[Collection entries]
# # # # # # #

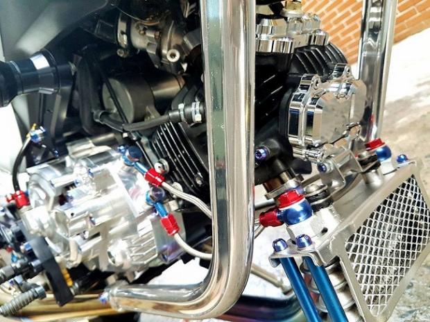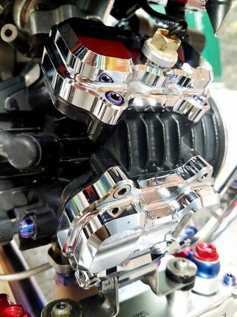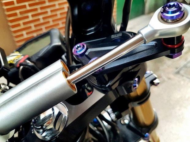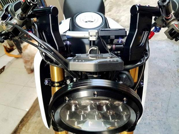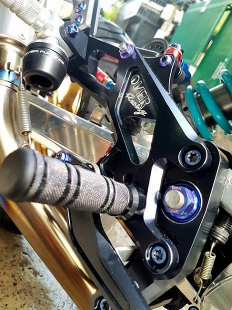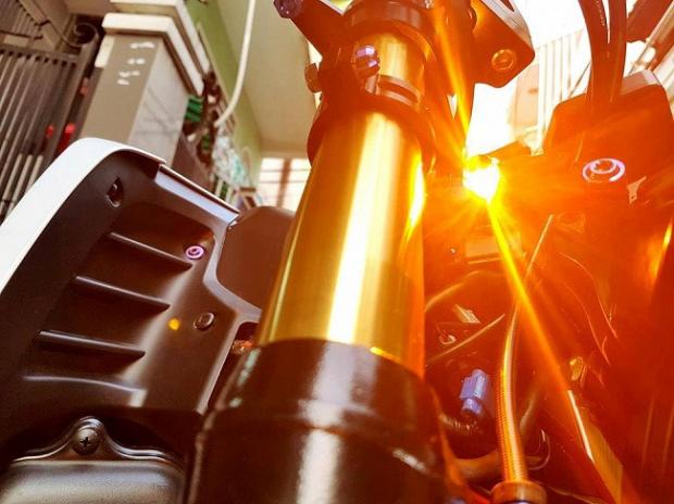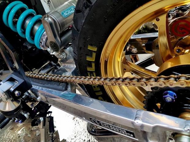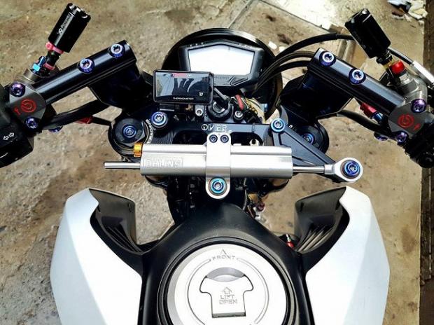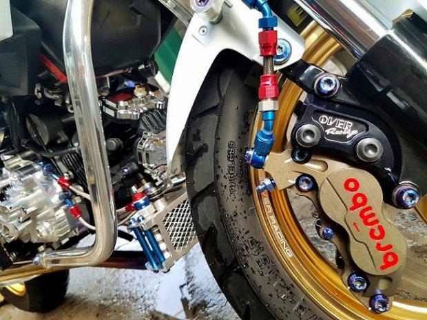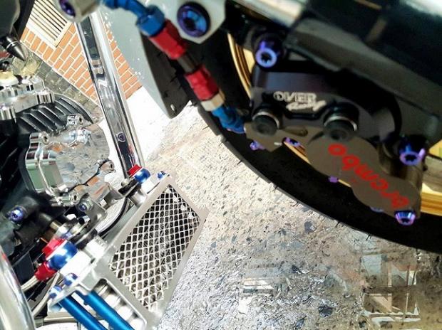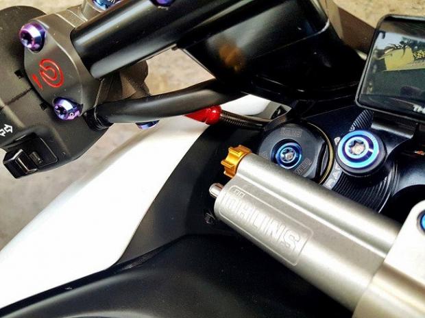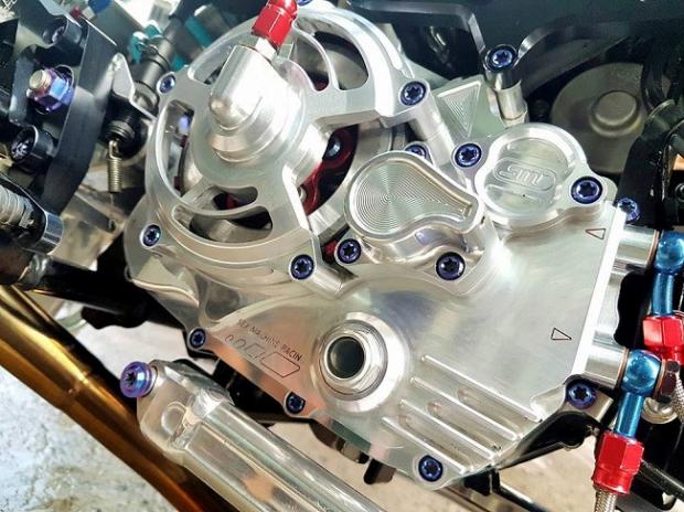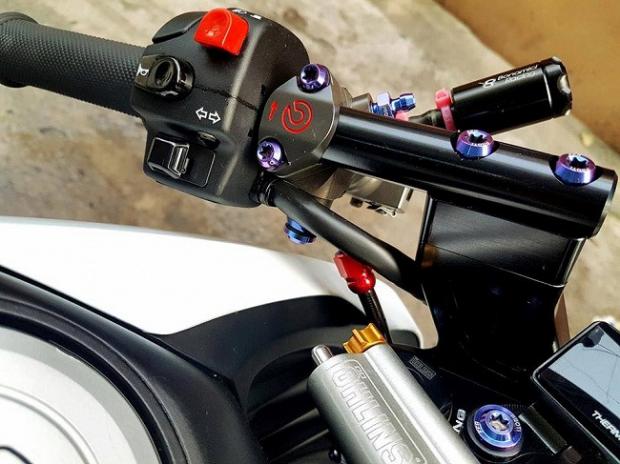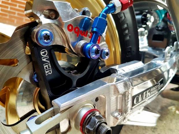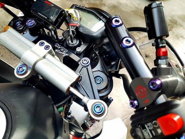 Ngoài ra, các chi tiết 'hàng hiệu' trên xe có thể kể tên bao gồm gắp sau Over nhôm mạ chrome, cặp mâm Over tiện CNC siêu nhẹ, phanh đối xứng 2 pistonBrembo Billet trước sau, đĩa phanh Galfer trước sau, thụt USD trước Ohlins với 3 chế độ chỉnh đi kèm với giảm xóc sau Nitron có tùy chỉnh bằng khí nén, hệ thống dây thông áp và dây dầu với ốc nhiều màu SMR.
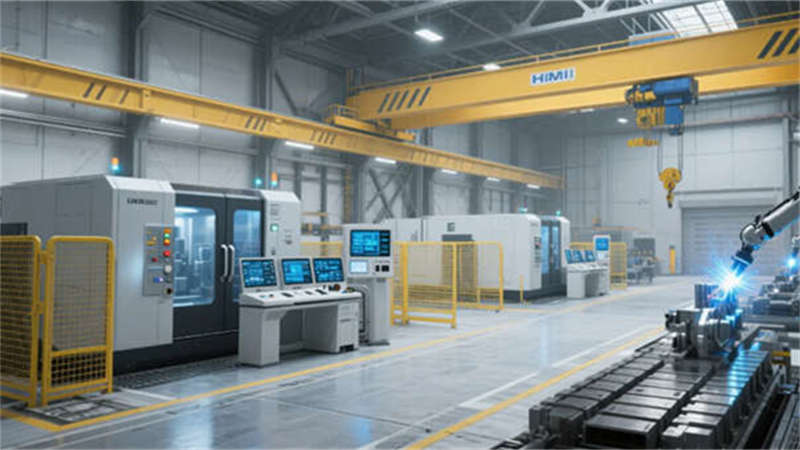 核心生產區以灰調環氧樹脂地坪為基底,大型CNC加工中心與智能機械臂組成“U”型產線,頂部集成黃色安全標識的橋式起重機軌道,配合藍光焊接機器人動態光軌,形成極具未來感的工業圖景。辦公區突破傳統廠房設計,通過混凝土肌理墻面、懸浮式玻璃會議艙及企業色聲學模塊,構建開放互聯的智慧管理中樞。
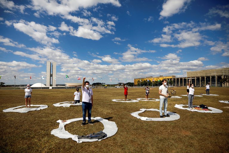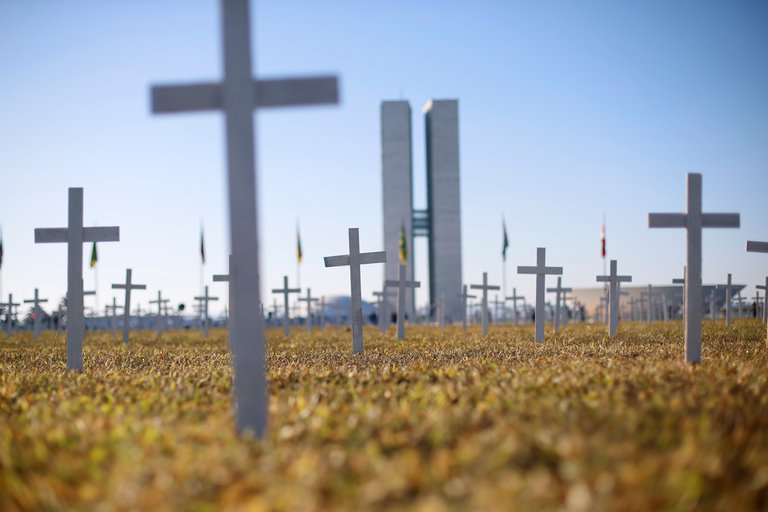 Mil cruces clavadas frente al Congreso brasileño como parte de una manifestación simbólica, silenciosa y de impacto recordaron este domingo las más de 57.000 víctimas que la pandemia del coronavirus dejó hasta el momento en Brasil.
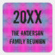 Comemore sua reunião familiar em estilo vibrante e empatado com este adesivo brilhante perfeito para selar envelopes de convite. Este adesivo apresenta um padrão neon de rosa e azul junto com seu nome de família e ano.
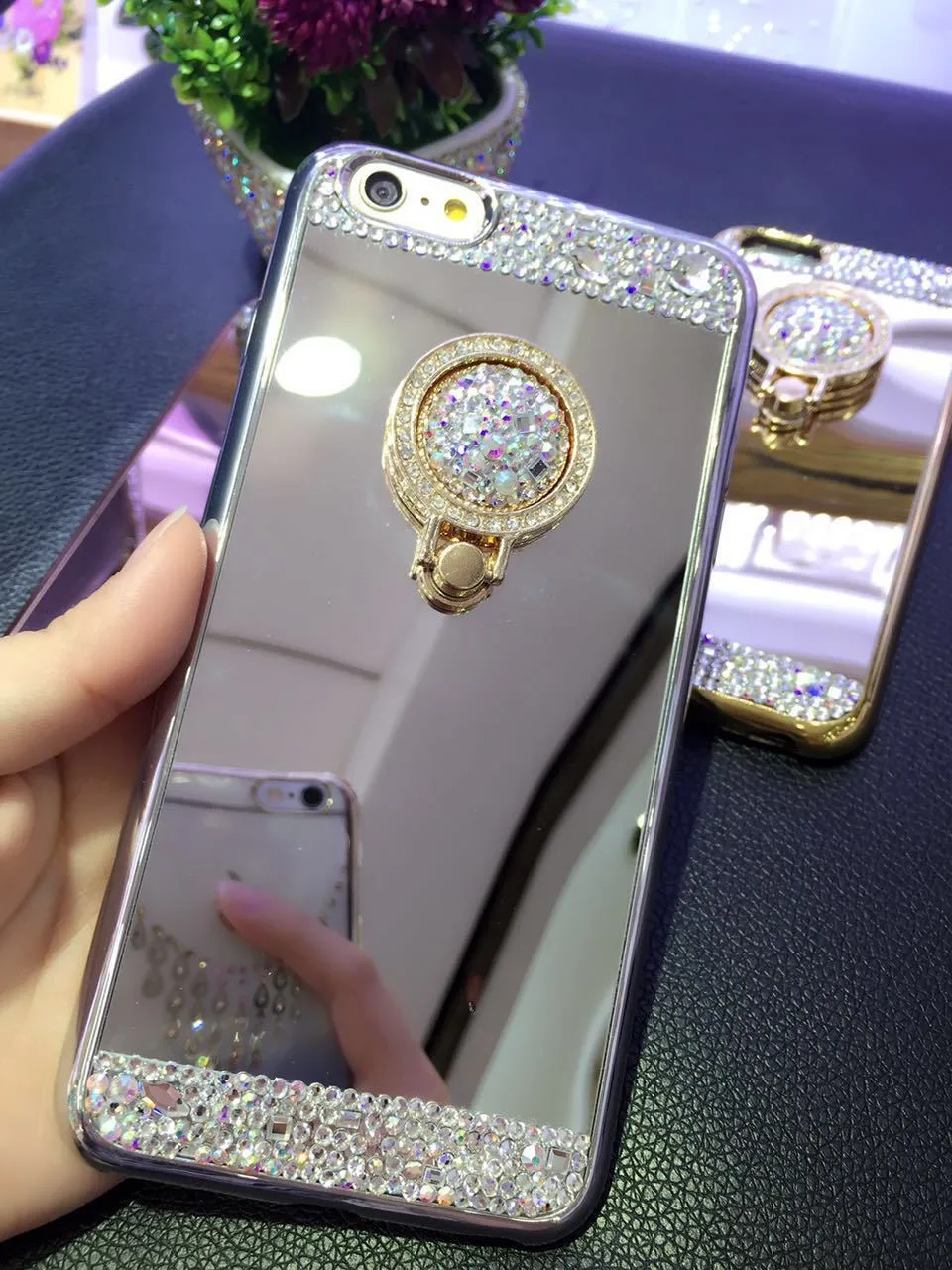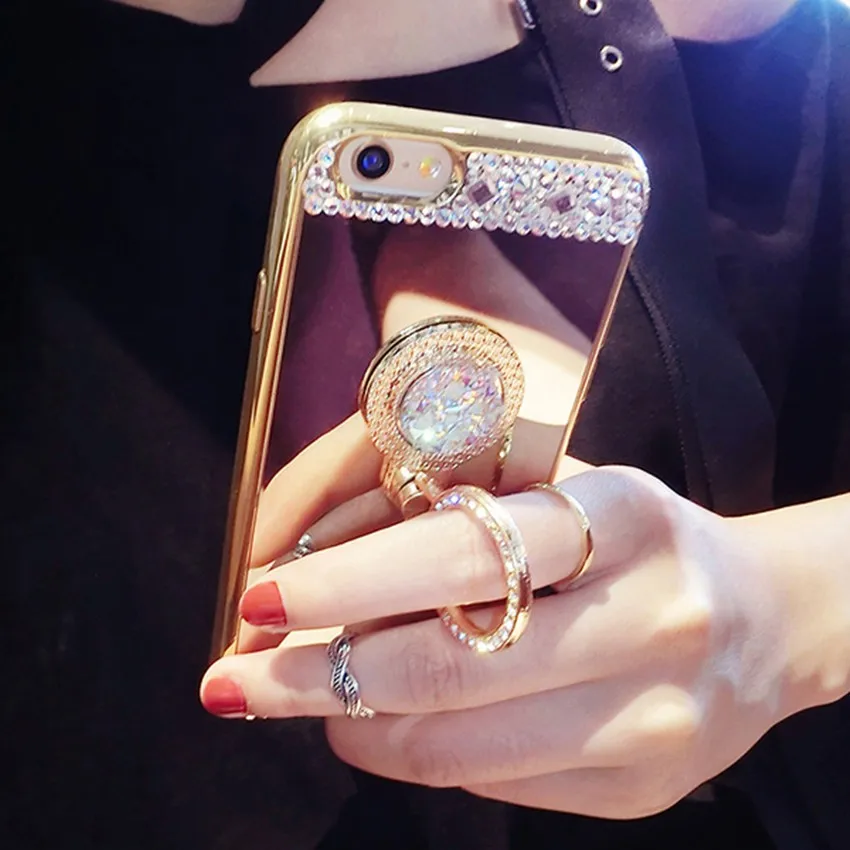 Feature four:for iphone 7 cases for women diamant spiegel case telefoon ring stand

# # # # # # #

Problem requirements:
Only the lines from the start of the records through the line containing "核心生產區以灰調環氧樹脂地坪" should be repeated, word for word, with the pictures left out.

Solution below:
 Ngoài ra, các chi tiết 'hàng hiệu' trên xe có thể kể tên bao gồm gắp sau Over nhôm mạ chrome, cặp mâm Over tiện CNC siêu nhẹ, phanh đối xứng 2 pistonBrembo Billet trước sau, đĩa phanh Galfer trước sau, thụt USD trước Ohlins với 3 chế độ chỉnh đi kèm với giảm xóc sau Nitron có tùy chỉnh bằng khí nén, hệ thống dây thông áp và dây dầu với ốc nhiều màu SMR.
 核心生產區以灰調環氧樹脂地坪為基底,大型CNC加工中心與智能機械臂組成“U”型產線,頂部集成黃色安全標識的橋式起重機軌道,配合藍光焊接機器人動態光軌,形成極具未來感的工業圖景。辦公區突破傳統廠房設計,通過混凝土肌理墻面、懸浮式玻璃會議艙及企業色聲學模塊,構建開放互聯的智慧管理中樞。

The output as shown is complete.